# Did I cause the miscarriage?



## happyfamily4

Hi everyone! I lost my baby at 9wk. I miss him so much and the worst thing is that I think that it's my fault. When I was about 6 wk pregnant I used teeth whitening bleach even though it's not recommended for pregnant women. I used it about 3 times. What if I swallowed bleach? What if I caused the mc? I feel horrible and heartbroken!!!


----------



## LucyLake

This is the first time I've ever made this admission publicly. My husband and I were waiting until April 2013 to try for baby #2. He pulled out, but some got in on January 1---and I took the morning after pill 12 hours later even though I REALLY wanted this baby (I wanted my husband fully on-board though too). My husband did not want children for 9 YEARS. 9 YEARS I've waited for him to agree to #2.

Two days after my :bfp: on January 18, he was okay with me being pregnant.

Sadly, I miscarried on Feb 28.

I know it's all my fault for not putting my foot down and taking that wretched, disgusting morning after pill (which probably prevented my baby from implanting correctly, growing his heart).

I cry everyday thinking about it.

But, I also know there are millions of women who got pregnant on the Morning after pill and had a healthy full-term baby.

There are women who used teeth whiteners as well.

Women who were on drugs, but miracles happened and the baby was born normal and thrived.

In other words, we don't know for sure...

I want to tell you it will get better...but I'm almost two months out now and still feeling incredibly guilty.

Today is the first day I've admitted to the biggest shame of my life.


----------



## Nina83

No, you are not responsible. But I know that no matter what anyone will say, you will always feel like you did something. And I am so so sorry for your loss and feeling that way.
I ate shrimp.
I colored my hair.
I drank a glass of wine.
We had sex and right after that I started spotting which led to the end. Did the math and that might have been the day bubs heartbeat stopped.
Nothing I ever say, or am told, or read will ever make me feel like I'm not responsible.
Big hugs, be strong <3


----------



## Foogirl

The vast majority of miscarriages happen for absolutely no reason other than the pregnancy wasn't proceeding properly. And this happens everywhere in nature. Some seeds grow and some don't. Many, many women are pregnant long before they know it and do lots of things they aren't supposed to. You will probably find the reason that disclaimer is on the product is either because A) it has never been tested (as most products can't be) Or B) laboratory tests show if you inject 4 gallons of it on to any growing organism, that organism will not survive. You'd likely have to ingest enough of the stuff to kill you before it harms a developing foetus, but the disclaimer is put on the box to protect the company on the million to one shot it might one day be found to be harmful.

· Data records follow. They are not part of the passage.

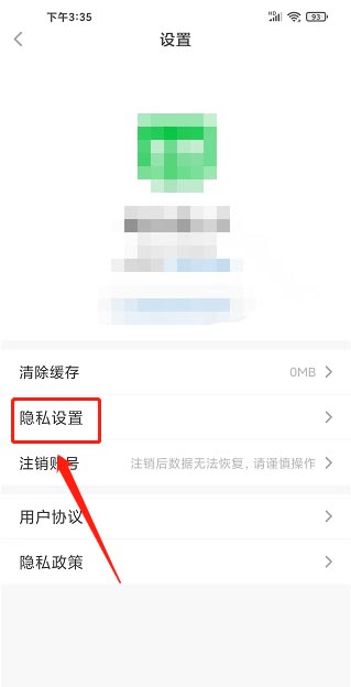进入设置界面,点击【隐私设置】。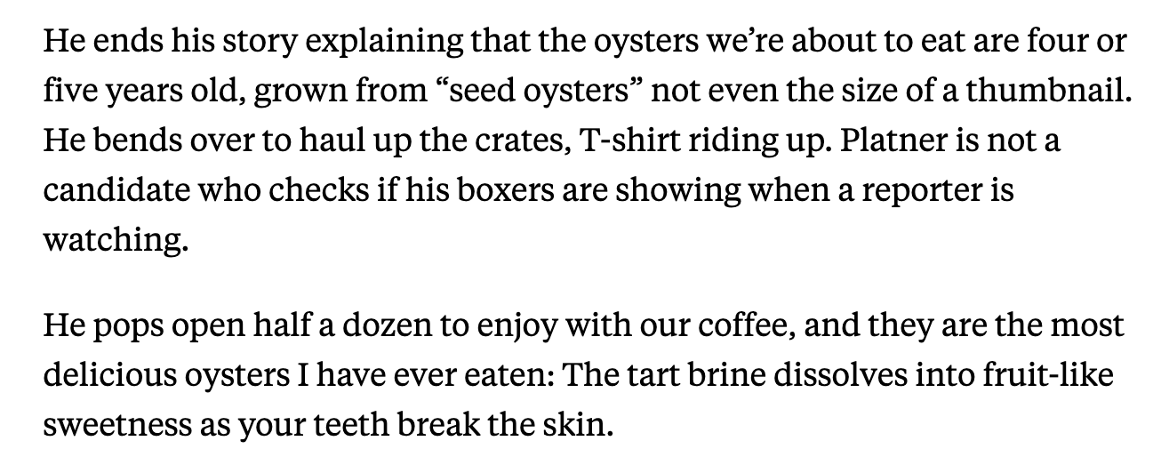 Optics matter in politics, unfortunately. And in this case, Platner has also made enough offensive comments and has enough deeply concerning shit on his resume that we risk being stuck with another John Fetterman wacko on our hands. So unfortunately, it may be time to say goodbye to our Oyster Daddy, even as we take important lessons from him about about how to talk to voters without sounding like a douchebag.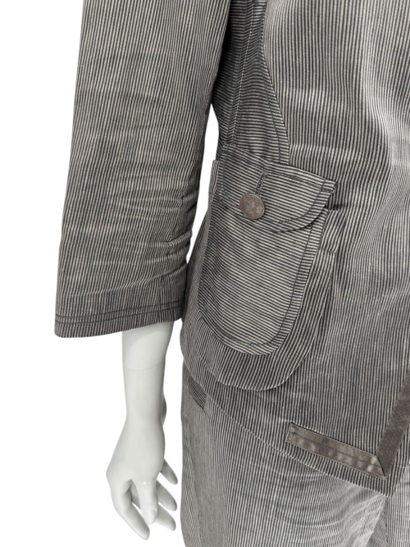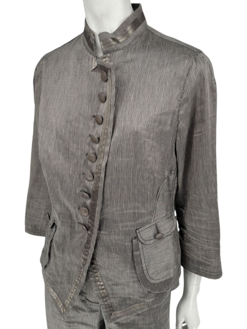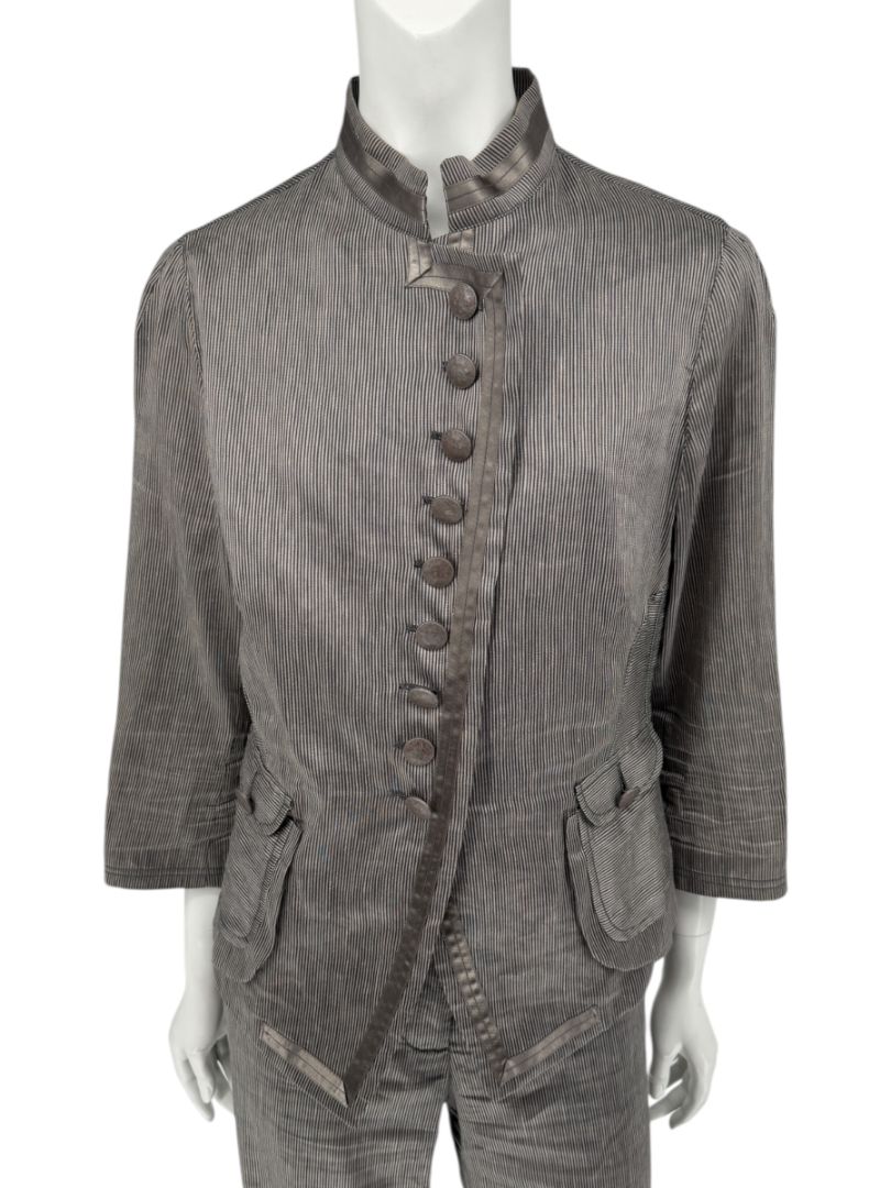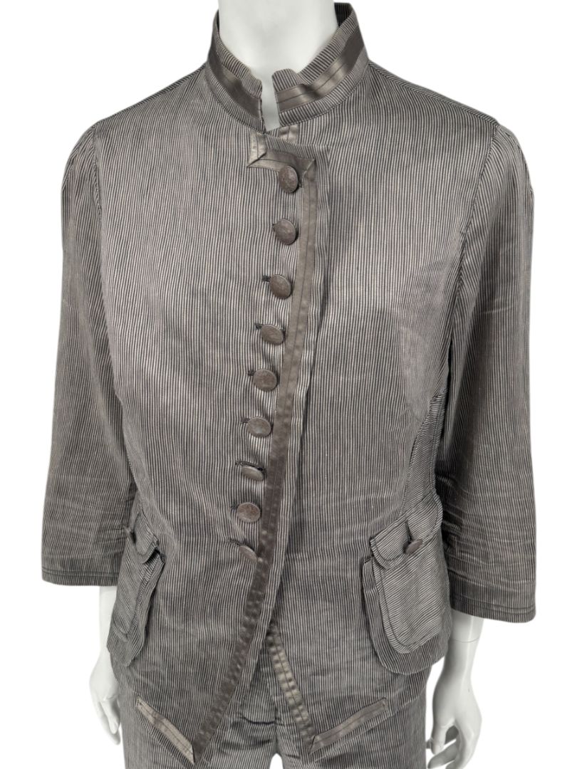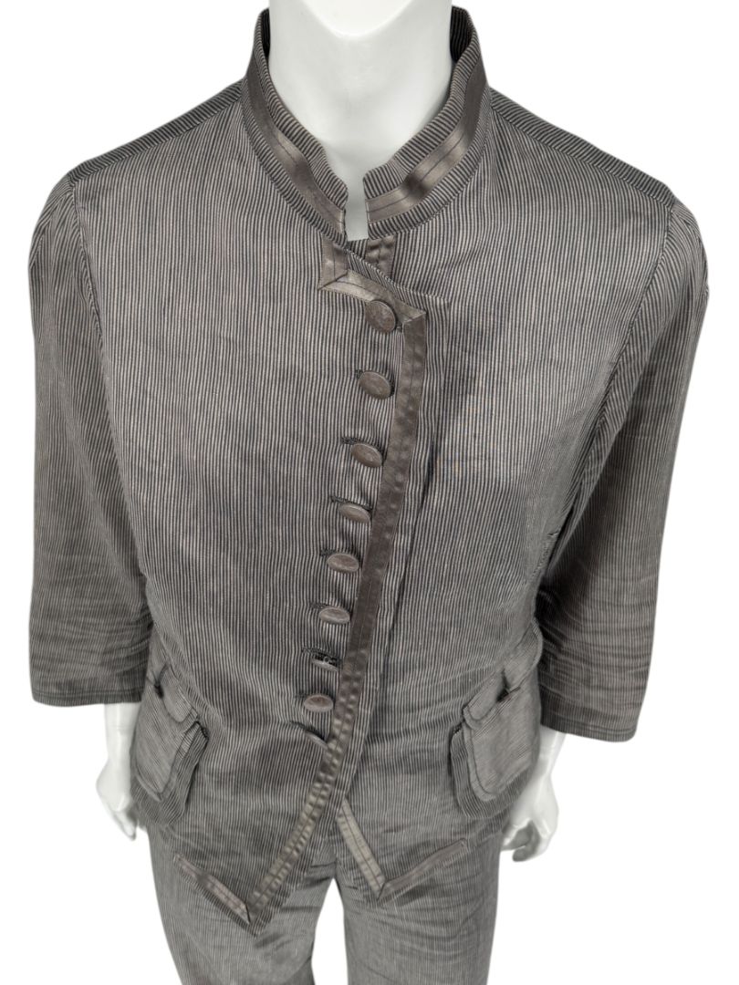 M. Siamo Women’s Striped Linen-Silk Blend Two-Piece Suit – Size 12 – Excellent Pre-Owned Condition

The hardest thing about miscarriage is we rarely find a cause. The most important thing to remember is, it is almost always never anything you have done. And even if it was, blaming yourself will do you no good. I could attribute my miscarriages (as well as the premature birth of my daughter) to any number of things I did. But I also know I could have followed every letter of every rule and still been in the same situation.


----------



## Peacenik

I'm with Foo girl, don't blame yourselves. I know it's easier said than done, but from what I've read, it's very rare that you've actually done something to cause it. Try not to beat yourselves up over it. Hugs.


----------



## Emily2630

LucyLake, your miscarriage had nothing to do with the morning after pill-- the pill works by preventing ovulation (sometimes), it has no effect on implantation. Please don't beat yourself up about it--really, it wasn't you!!


----------



## Crazywaiter

I'm in the same boat...I just lost my bean at 11.5 weeks and although I logically understand that it was beyond my control, I can't stop the "what if's?". I think it's just a normal part of the grieving process. I hope we all find some peace. <3


----------



## LucyLake

Emily2630 said:


> LucyLake, your miscarriage had nothing to do with the morning after pill-- the pill works by preventing ovulation (sometimes), it has no effect on implantation. Please don't beat yourself up about it--really, it wasn't you!!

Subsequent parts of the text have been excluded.